India’s woeful tracking of coronavirus variants could jeopardize the world’s fight against covid-19, several experts warned, even as a variant first found here spreads its claws overseas. With less than 0.1% of all covid-positive samples sent for genetic studies, India ranks behind over 100 countries, despite having millions of more cases. The Centre’s own target of 5%, set in December, remains a far cry.
The UK has sampled roughly 9% of its cases for genome sequencing, and is now finding the variant B.1.617.2 in up to three in four samples. Germany and the US sampled 3% and 1.5%, respectively, shows data compiled by Johns Hopkins University. Among the 10 countries with the highest covid-19 caseload, India fares better than only Russia and Turkey.
Genome sequencing studies the structure of a virus to generate vital and timely insights about mutations that can help policymakers anticipate the course of the pandemic. Not doing enough in time can let variants leak outside the origin country and delay research into how fast they transmit and which vaccines could counter them, scientists say. It can also deprive disease trackers of crucial data.
India first detected the B.1.617 variant, which transmits faster than the original variant, in October 2020. Only two months later did the Centre ask 10 labs to do genome sequencing more systematically, as part of the Indian SARS-CoV-2 Genomic Consortia (INSACOG). So far, 25,739 covid-positive samples were sent for genome sequencing, according to a 24 May statement by health minister Harsh Vardhan. Around 20% had B.1.617, now classified as a “variant of concern” by the World Health Organization, with cases in 53 countries.

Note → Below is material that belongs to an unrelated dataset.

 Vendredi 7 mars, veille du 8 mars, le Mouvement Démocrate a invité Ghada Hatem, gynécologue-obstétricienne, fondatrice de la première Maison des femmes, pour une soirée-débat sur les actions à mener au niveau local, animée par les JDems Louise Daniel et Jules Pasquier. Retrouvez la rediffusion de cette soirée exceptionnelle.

Genome sequencing is not very expensive, but needs more funding, staffing, and facilities, said Jacob John, a professor at Christian Medical College, Vellore. “We also need a plan combining clinical, public health, and research priorities to create a pipeline of well-annotated samples, carefully selected to answer key questions,” he said. “For this whole exercise to be relevant, we need sequencing to happen rapidly, within days or hours, and at a quality that meets global standards.”

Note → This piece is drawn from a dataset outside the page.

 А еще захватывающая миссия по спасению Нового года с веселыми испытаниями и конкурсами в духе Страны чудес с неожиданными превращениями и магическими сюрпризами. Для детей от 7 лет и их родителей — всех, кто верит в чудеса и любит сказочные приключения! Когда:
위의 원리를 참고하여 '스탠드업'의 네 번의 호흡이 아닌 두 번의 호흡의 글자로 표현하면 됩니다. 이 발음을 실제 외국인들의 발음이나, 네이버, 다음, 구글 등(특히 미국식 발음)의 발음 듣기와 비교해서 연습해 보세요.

The Centre said recently that it would add 17 labs to INSACOG.
“High genome sequencing in the UK helped local governments adapt their public health strategies, such as lockdowns and vaccinations, to variants that were more infectious and spreading faster,” said Prabhat Jha, a professor of epidemiology at the University of Toronto. But in India, variants are likely quite widespread but mostly unknown, so states have little information to plan strategies to reduce community transmission.
Sequencing data, released in a timely way, can also help epidemiologists understand infections and mortality trends, said Murad Banaji, a mathematician at Middlesex University. It could help cities and states anticipate and prepare for surges and inform vaccination strategy, he said.
“It’s a real shame that we are often forced to speculate when the data could be gathered and shared,” Banaji added.